Hizbullah yetkilisi Tel Aviv'in Siyonist yerleşimcilerin işgal altındaki kuzey topraklarındaki evlerine dönmesini istiyorsa Gazze ve Lübnan'a yönelik saldırılarını durdurması gerektiğini söyledi.

Hizbullah lideri, saldırganlığın devam etmesi halinde terk edilen yerleşim yerlerinin sayısının artacağı ve yüz binlerce -potansiyel olarak iki milyondan fazla- yerleşimcinin risk altına gireceği uyarısında bulundu.

Konuşmasında 7 Ekim 2023'te Siyonist varlığa yönelik Aksa Tufanı Operasyonu'na da değinen Şeyh Kasım, Hamas liderliğindeki Filistinlilerin “işgalciden kurtulmaya çalıştığını” söyledi.

Şeyh Naim Kasım, Filistin Direnişinin dünyaya bir mesaj gönderdiğini söyledi:

 “75 yıl geçti ve işgal hala topraklarımızda, bizi öldürüyor.”

Hizbullah yetkilisi Filistinlilerin “işgali sarsacak ve genişlemesini durduracak” eylemlerde bulunma hakkına sahip olduğunu söyledi.

Hizbullah yetkilisi uluslararası toplumu Aksa Tufanı'nın neden gerçekleştiğini sorgulamak yerine “İşgal neden hala orada?” diye sormaya çağırdı.

Şeyh Kasım, Hizbullah'ın İsrail rejimiyle olan çatışmasının Filistin'in kurtuluşu için verilen mücadeleden ayrı tutulamayacağını söyledi.

''Düşmana acı vermek'' denklemi
Savaşın yeni bir aşamaya girmesi ve dinamiklerin değişmesiyle birlikte Şeyh Kasım, Lübnan'ın artık destek cephesi aşamasında olmadığını savunarak, “aksine, artık bize karşı bir İsrail savaşıyla karşı karşıyayız” dedi.

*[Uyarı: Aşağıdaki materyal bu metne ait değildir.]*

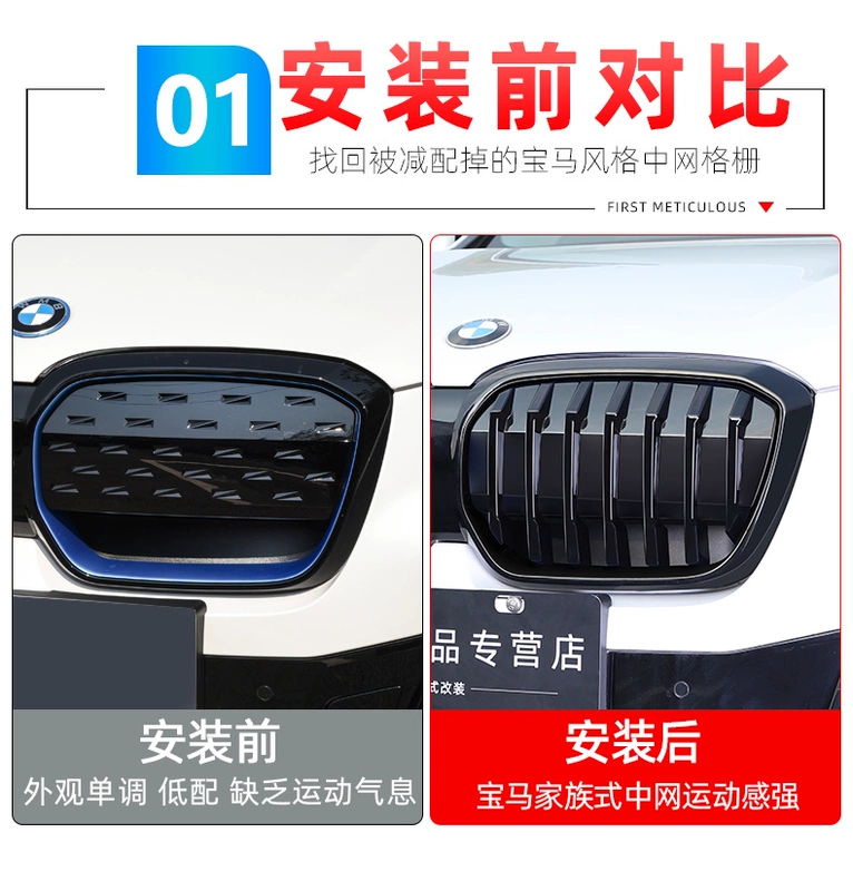 Thích hợp cho 20-22 tấm lưới tản nhiệt giữa BMW iX3 vá lưới tản nhiệt phía trước sửa đổi diện mạo samurai đen phụ kiện gioăng cửa nhôm kính gioăng cao su cửa sắt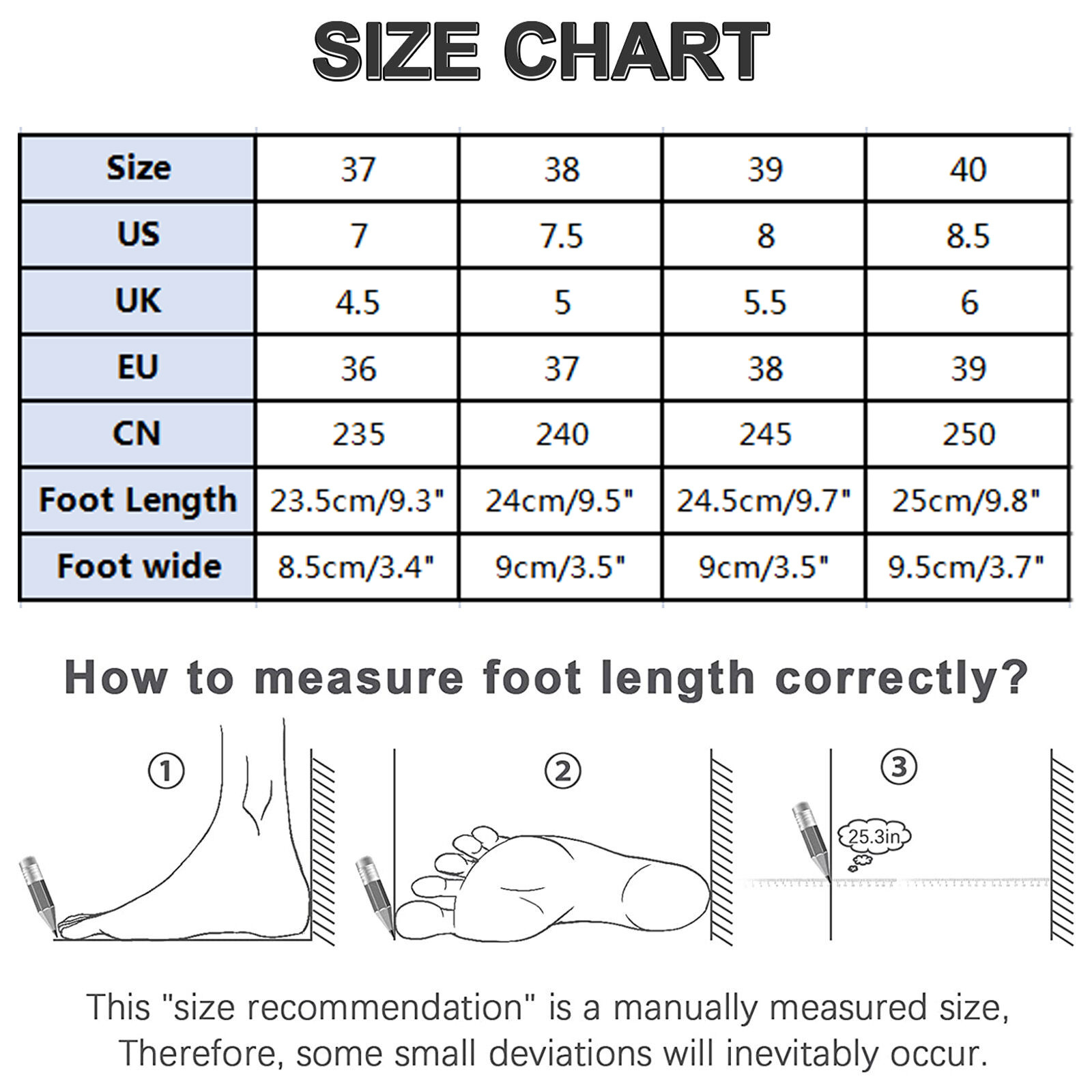 Пожалуйста, выберите размер в соответствии с типом вашей стопы.

Bu yeni denklem ışığında Hizbullah'ın, büyük şehit lider Genel Sekreter Seyyid Hasan Nasrullah'ın direktifleri doğrultusunda artık Tel Aviv, Hayfa ve hatta Hayfa'nın ötesini hedef aldığını açıkladı.

Hizbullah Genel Sekreter Yardımcısı, “Düşman Lübnan'ın tamamını hedef aldığına göre, varlık içinde uygun gördüğümüz herhangi bir yeri hedef alma hakkına sahibiz” dedi.

Ayrıca Direniş'in işgalci İsrail askerlerini, mevzilerini ve askeri kışlalarını hedef almaya odaklanacağı uyarısında bulundu.

Şeyh Kasım savaşı sona erdirecek çözümün ateşkeste yattığını açıklayarak Hizbullah'ın zayıf bir pozisyondan konuşmadığını ileri sürdü.

Genel Sekreter Yardımcısı ayrıca alaycı bir şekilde, İsrail'in başarısız hava savunma sistemlerinin yerleşim yerlerine düşen enkazları göndermesi nedeniyle “İsrail'in” istemeden de olsa Direniş'e operasyonlarında yardımcı olduğuna dikkat çekti.

Kasım konuşmasında yerleşimcilere seslenerek şunu söyledi:

“İşgal altındaki topraklardaki yerleşimciler! Yetkililerinizin sözlerine inanmayın çünkü onlar size kayıpların az sayısını veriyor. Yetkilileriniz sizlere hakikatin daha azını vermekteler. Siz ölülerinize bakın.”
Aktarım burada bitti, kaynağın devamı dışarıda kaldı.